TASK DESCRIPTION: Look through the entries below and copy exactly the part that begins with the line containing "A warm kitchen" and ends with the line containing "También blanqueamos las". Do not copy the pictures.

SOURCE INFORMATION:
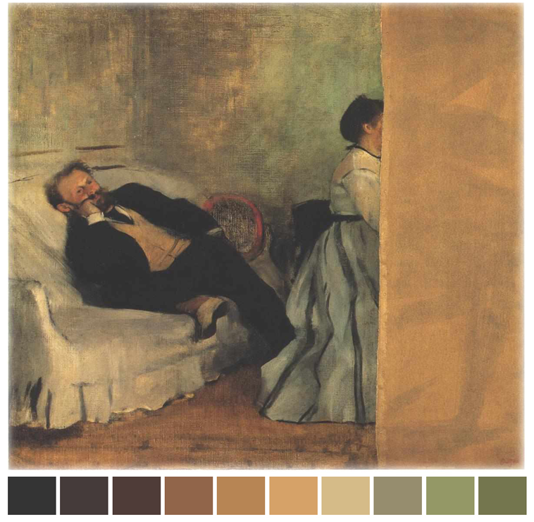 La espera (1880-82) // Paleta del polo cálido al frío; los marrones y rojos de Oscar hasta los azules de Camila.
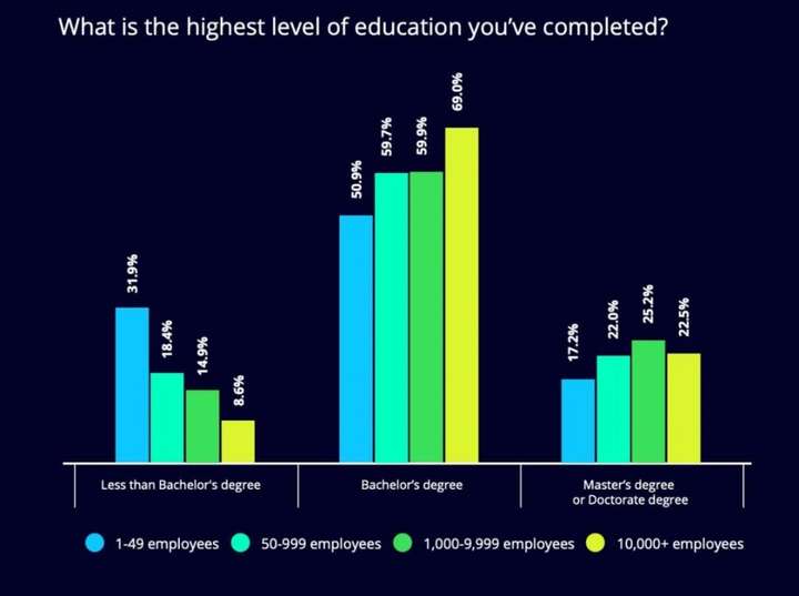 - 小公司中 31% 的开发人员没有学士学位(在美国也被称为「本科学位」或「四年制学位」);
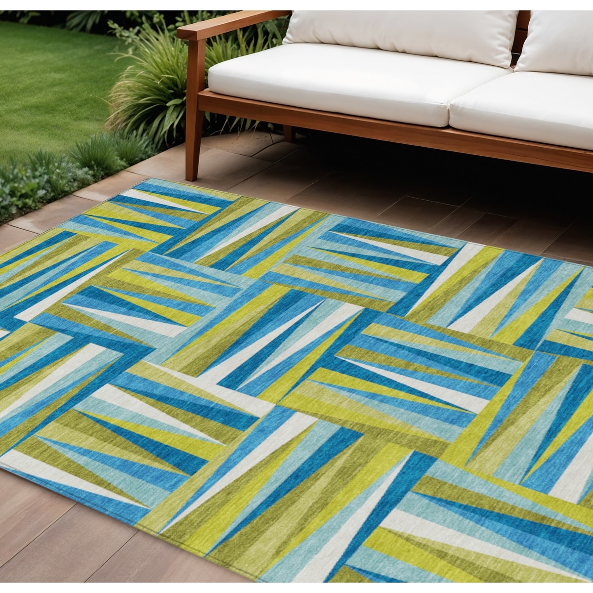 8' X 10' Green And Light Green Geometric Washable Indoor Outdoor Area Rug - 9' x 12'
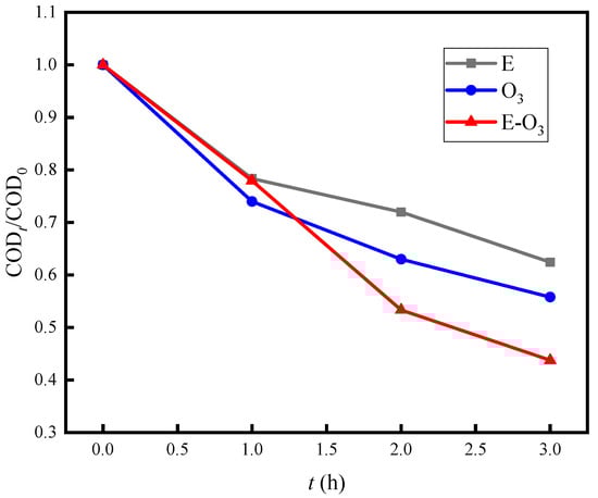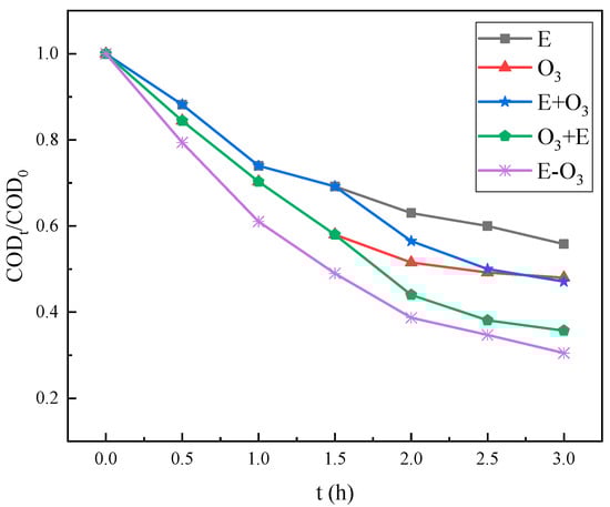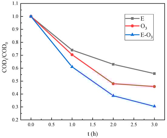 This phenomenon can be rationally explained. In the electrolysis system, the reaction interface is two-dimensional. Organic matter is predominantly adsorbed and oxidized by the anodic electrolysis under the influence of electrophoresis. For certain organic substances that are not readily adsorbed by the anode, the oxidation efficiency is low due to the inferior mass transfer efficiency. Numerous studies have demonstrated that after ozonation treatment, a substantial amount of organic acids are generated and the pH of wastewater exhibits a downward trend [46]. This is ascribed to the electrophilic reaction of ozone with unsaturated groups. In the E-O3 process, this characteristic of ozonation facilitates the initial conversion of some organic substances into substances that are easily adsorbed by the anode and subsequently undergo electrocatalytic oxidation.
--
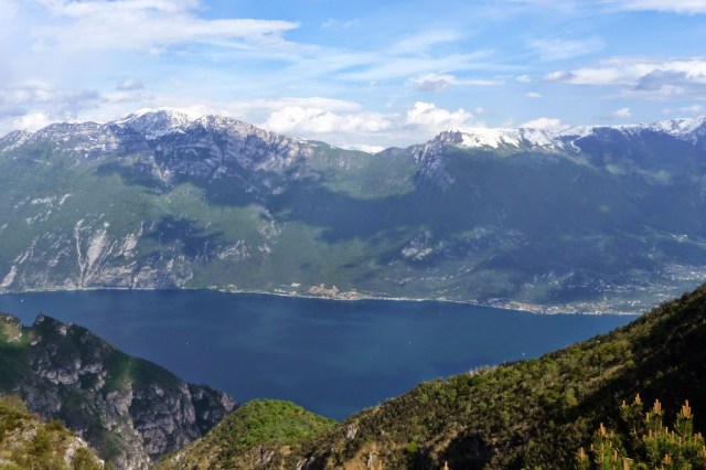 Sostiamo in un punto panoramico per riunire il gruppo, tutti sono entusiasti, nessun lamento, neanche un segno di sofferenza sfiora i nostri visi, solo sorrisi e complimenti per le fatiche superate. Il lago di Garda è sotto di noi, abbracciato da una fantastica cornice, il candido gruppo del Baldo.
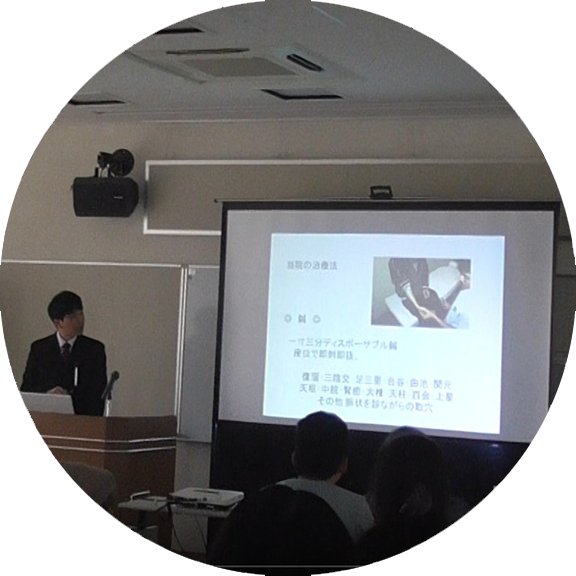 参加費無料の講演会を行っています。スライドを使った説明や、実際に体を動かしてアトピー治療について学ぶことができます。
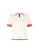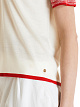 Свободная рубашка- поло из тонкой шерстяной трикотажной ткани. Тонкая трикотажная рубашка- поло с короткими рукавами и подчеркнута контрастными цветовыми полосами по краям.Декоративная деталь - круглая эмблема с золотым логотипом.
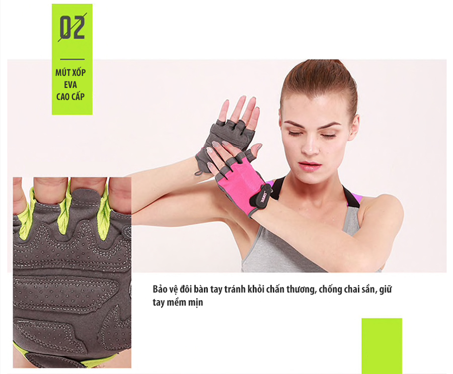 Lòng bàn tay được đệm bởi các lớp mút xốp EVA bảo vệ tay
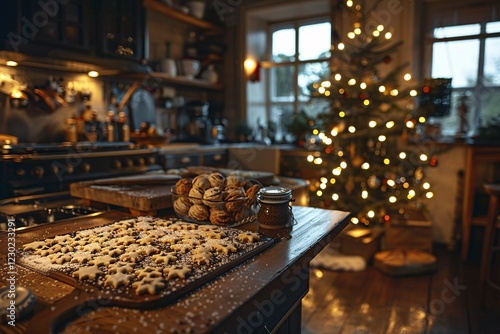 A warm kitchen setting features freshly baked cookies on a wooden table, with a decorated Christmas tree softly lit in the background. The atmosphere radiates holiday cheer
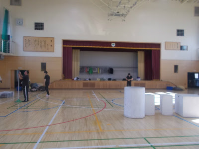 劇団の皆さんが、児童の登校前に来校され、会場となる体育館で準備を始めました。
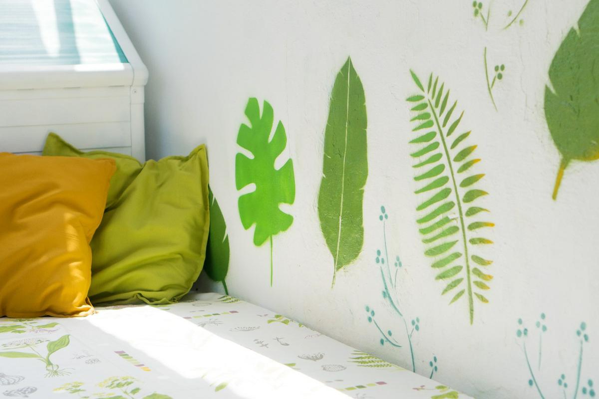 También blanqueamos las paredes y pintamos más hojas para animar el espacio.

EXPECTED OUTPUT:
 A warm kitchen setting features freshly baked cookies on a wooden table, with a decorated Christmas tree softly lit in the background. The atmosphere radiates holiday cheer
 劇団の皆さんが、児童の登校前に来校され、会場となる体育館で準備を始めました。
 También blanqueamos las paredes y pintamos más hojas para animar el espacio.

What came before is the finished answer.